> **ACTIVITY**
Everything in the data that follows should be given again verbatim, except the images.

> **DATA BELOW**
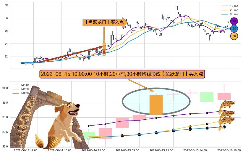 ⚀ 2022-06-15 10:00:00小时显现 10小时-20小时-30小时均线 【鱼跃龙门】买入点 看多信号,后市看涨,买入
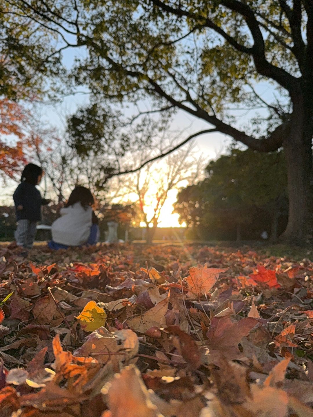 ふんわりと重なった落ち葉の上に、やさしい夕日の光が降り注いでいます。歩くたびに聞こえてきそうな落ち葉の音や、それにはしゃぐ子どもたちの楽しげな声まで、自然と想像が広がります。子どもたちと同じくらいの低い位置から見た景色が、この場所そのもののぬくもりを伝えてくれます。そろそろ帰ろうか、そんな声が似合う、静かであたたかな秋の時間を写し取った一枚です。
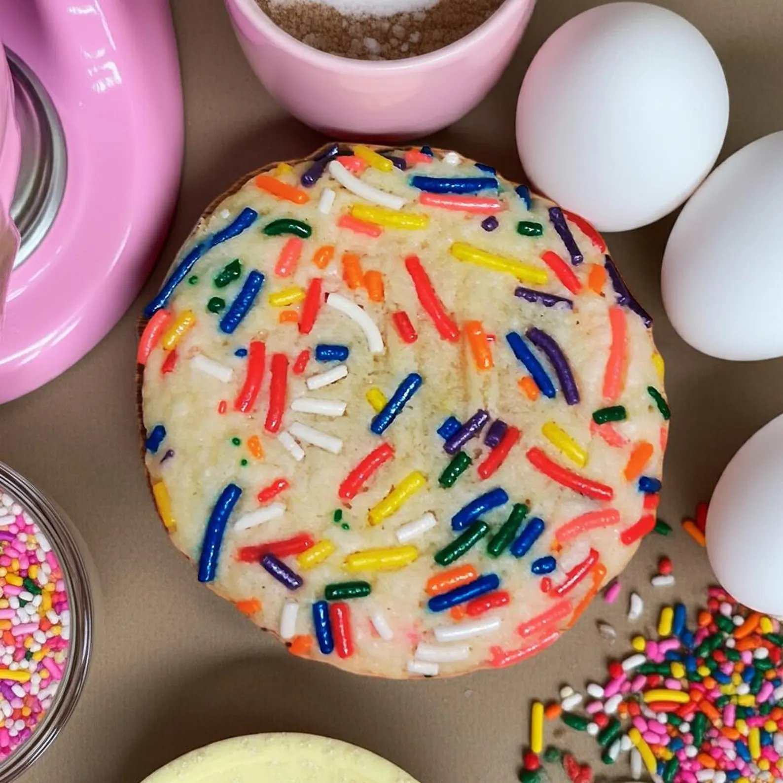 A party in every bite! This soft, buttery sugar cookie is bursting with colorful rainbow sprinkles both inside and out, giving it a festive crunch and a pop of sweetness. With a melt-in-your-mouth texture and a funfetti surprise in every bite, it’s the ultimate celebration treat—no occasion necessary!

> **WRITTEN RESPONSE**
 ⚀ 2022-06-15 10:00:00小时显现 10小时-20小时-30小时均线 【鱼跃龙门】买入点 看多信号,后市看涨,买入
 ふんわりと重なった落ち葉の上に、やさしい夕日の光が降り注いでいます。歩くたびに聞こえてきそうな落ち葉の音や、それにはしゃぐ子どもたちの楽しげな声まで、自然と想像が広がります。子どもたちと同じくらいの低い位置から見た景色が、この場所そのもののぬくもりを伝えてくれます。そろそろ帰ろうか、そんな声が似合う、静かであたたかな秋の時間を写し取った一枚です。
 A party in every bite! This soft, buttery sugar cookie is bursting with colorful rainbow sprinkles both inside and out, giving it a festive crunch and a pop of sweetness. With a melt-in-your-mouth texture and a funfetti surprise in every bite, it’s the ultimate celebration treat—no occasion necessary!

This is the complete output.